_PROVIDED INFORMATION_.
··········
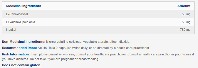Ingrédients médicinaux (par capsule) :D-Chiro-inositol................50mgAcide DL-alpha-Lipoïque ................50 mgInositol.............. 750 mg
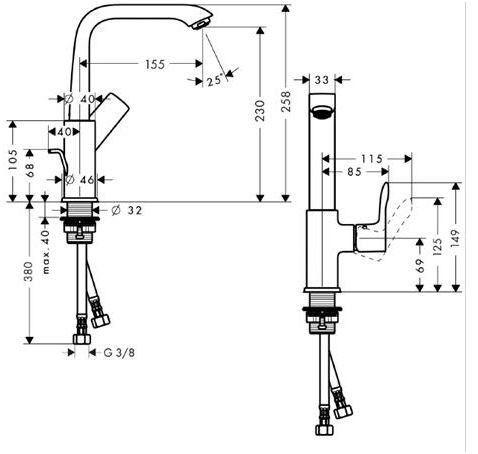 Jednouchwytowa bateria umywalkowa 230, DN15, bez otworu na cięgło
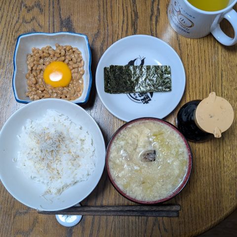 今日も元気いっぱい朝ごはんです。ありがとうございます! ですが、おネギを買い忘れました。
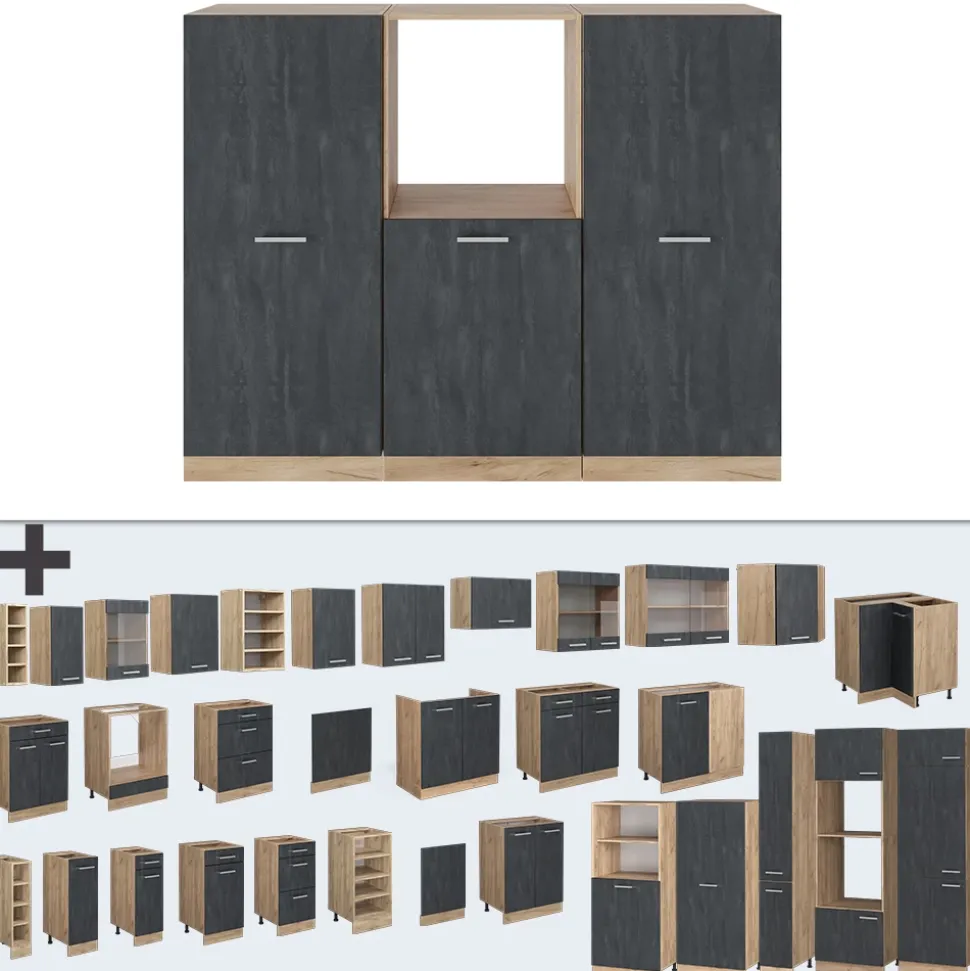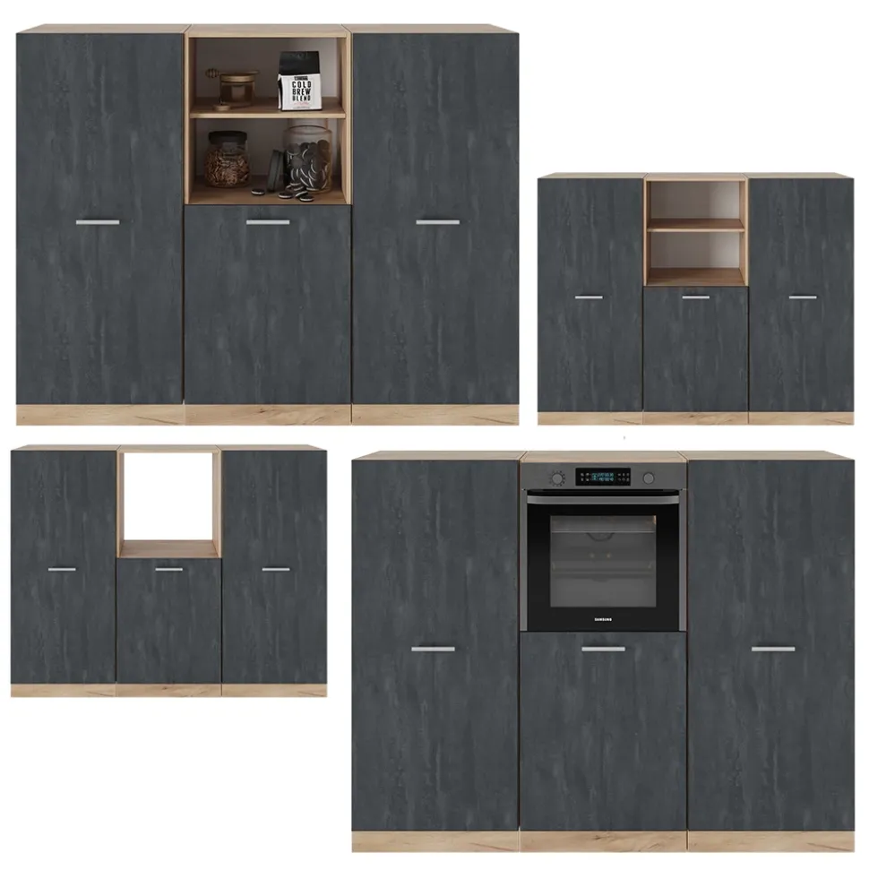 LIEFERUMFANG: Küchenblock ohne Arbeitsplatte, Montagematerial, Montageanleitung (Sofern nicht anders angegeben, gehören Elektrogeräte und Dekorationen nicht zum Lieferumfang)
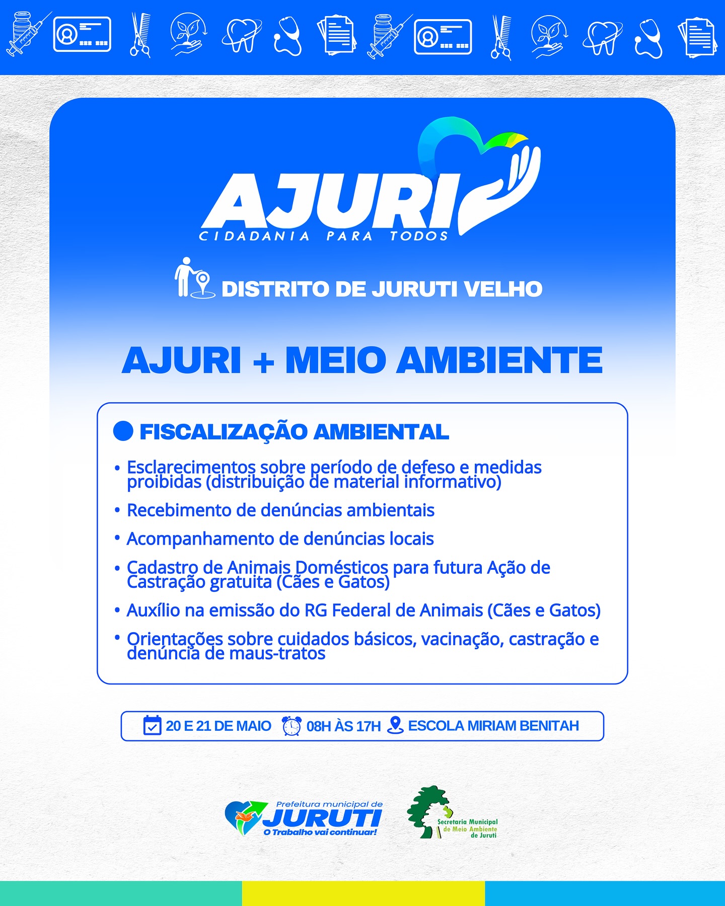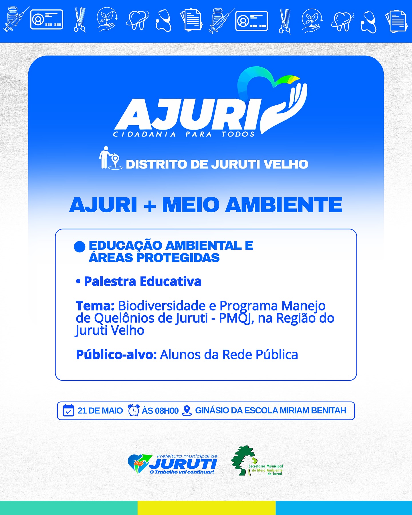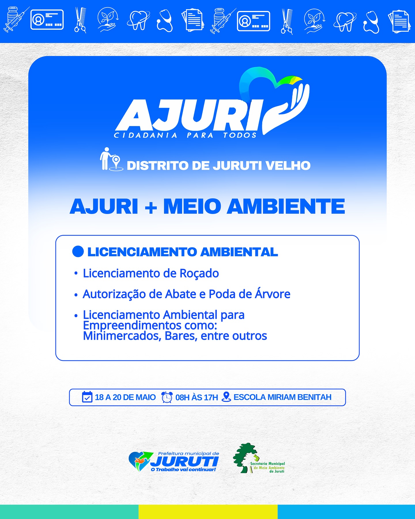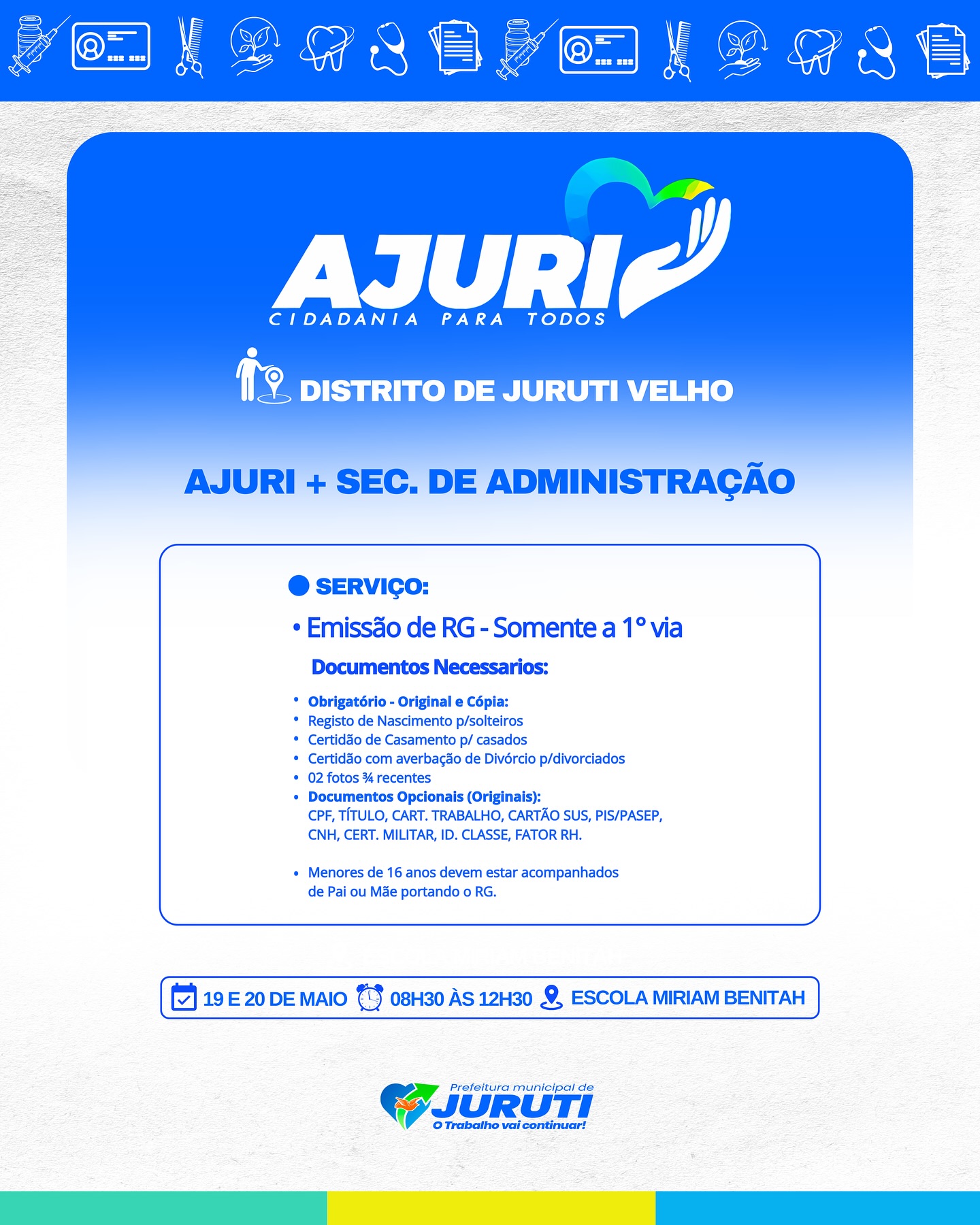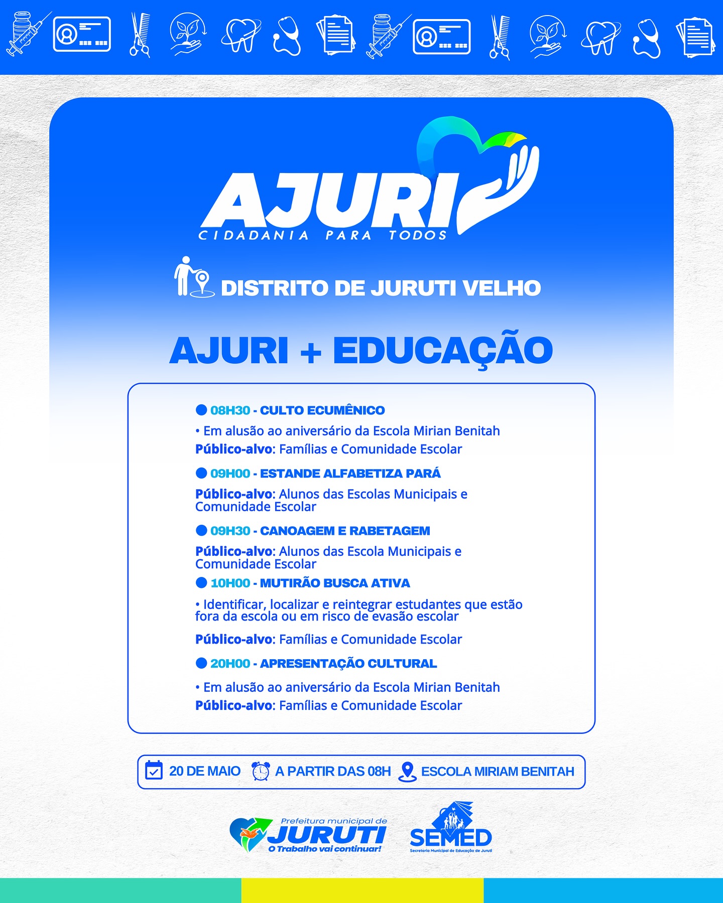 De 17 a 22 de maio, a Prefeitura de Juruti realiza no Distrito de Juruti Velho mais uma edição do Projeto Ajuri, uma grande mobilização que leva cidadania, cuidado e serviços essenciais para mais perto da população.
··········
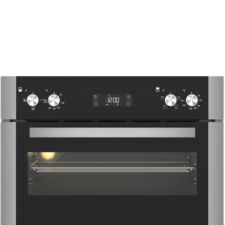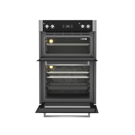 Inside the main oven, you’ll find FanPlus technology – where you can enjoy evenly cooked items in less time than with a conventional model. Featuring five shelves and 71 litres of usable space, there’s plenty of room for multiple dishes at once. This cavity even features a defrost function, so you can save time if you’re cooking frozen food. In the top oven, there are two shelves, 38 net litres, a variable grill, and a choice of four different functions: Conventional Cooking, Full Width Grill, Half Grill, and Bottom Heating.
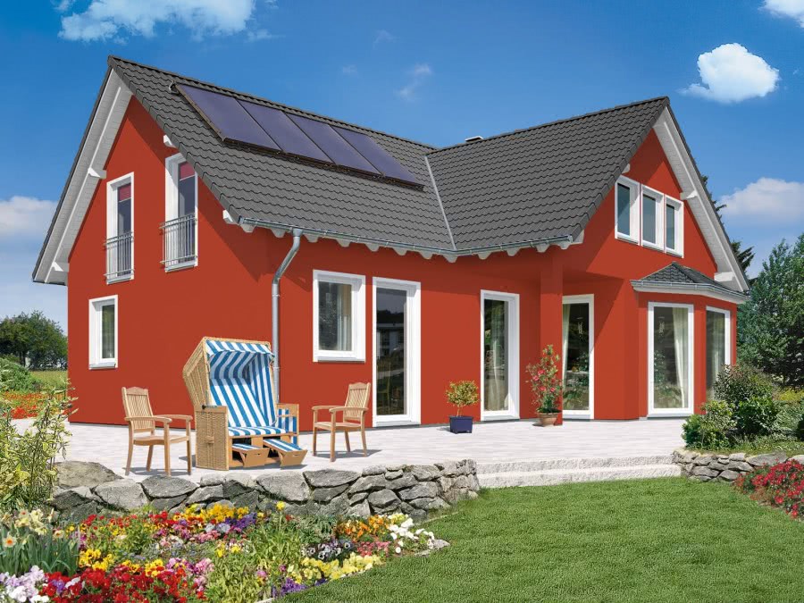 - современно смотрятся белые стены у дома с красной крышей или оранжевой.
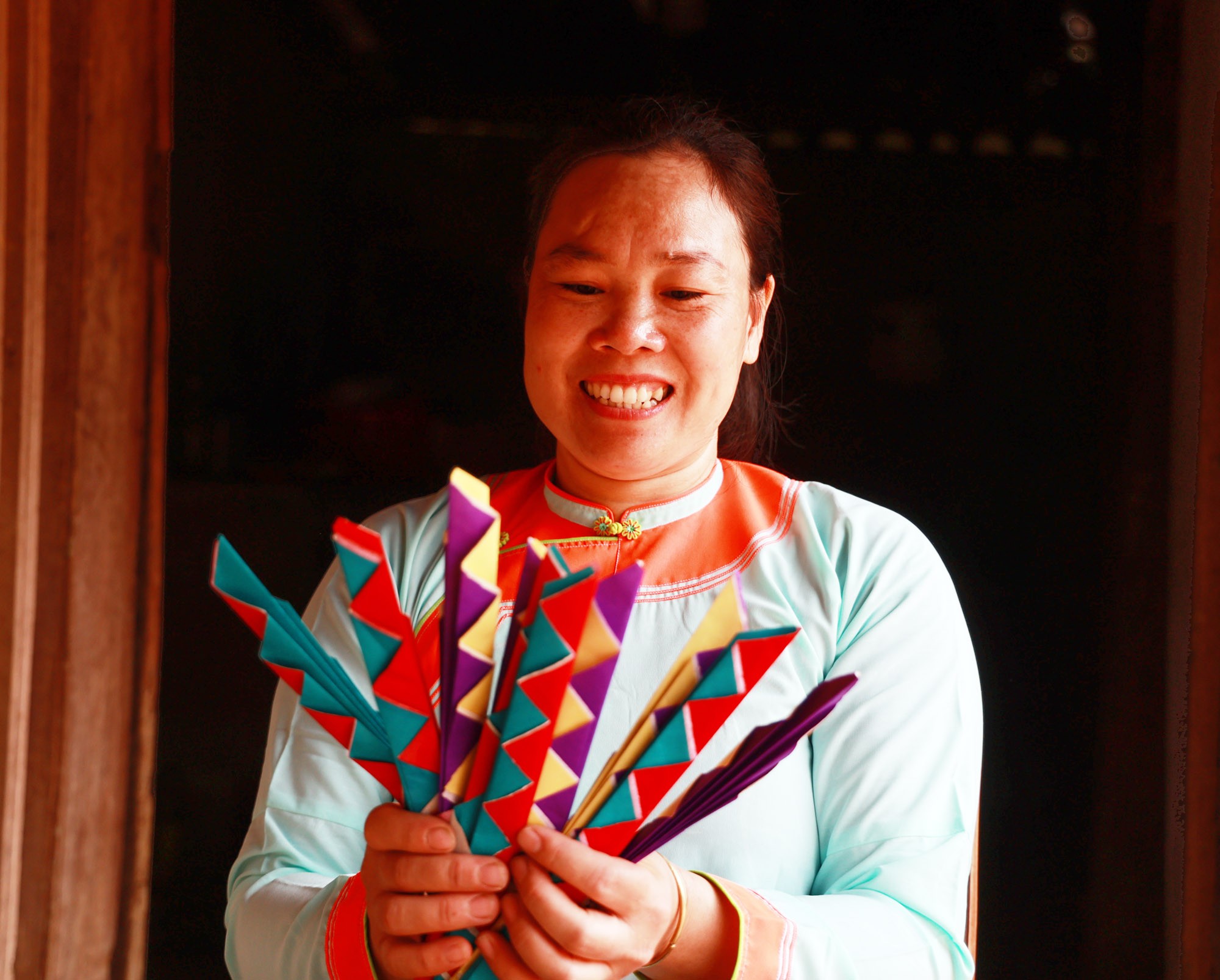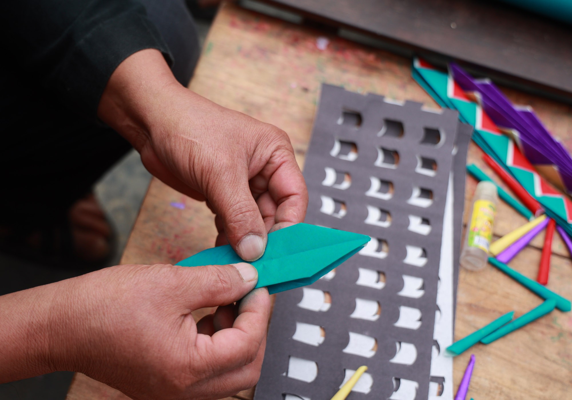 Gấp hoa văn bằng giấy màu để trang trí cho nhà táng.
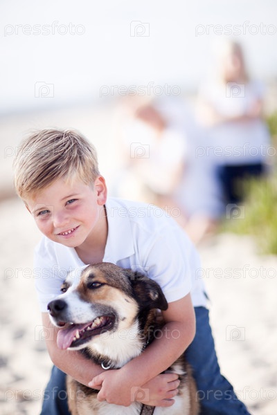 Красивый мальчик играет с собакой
··········
_YOUR ASSIGNMENT_. Give back exactly the lines above from the one with "Jednouchwytowa bateria umywalkowa" through the one with "De 17 a 22 de", both included. Pictures don't belong in the copy.

_YOUR RESPONSE_.
 Jednouchwytowa bateria umywalkowa 230, DN15, bez otworu na cięgło
 今日も元気いっぱい朝ごはんです。ありがとうございます! ですが、おネギを買い忘れました。
 LIEFERUMFANG: Küchenblock ohne Arbeitsplatte, Montagematerial, Montageanleitung (Sofern nicht anders angegeben, gehören Elektrogeräte und Dekorationen nicht zum Lieferumfang)
 De 17 a 22 de maio, a Prefeitura de Juruti realiza no Distrito de Juruti Velho mais uma edição do Projeto Ajuri, uma grande mobilização que leva cidadania, cuidado e serviços essenciais para mais perto da população.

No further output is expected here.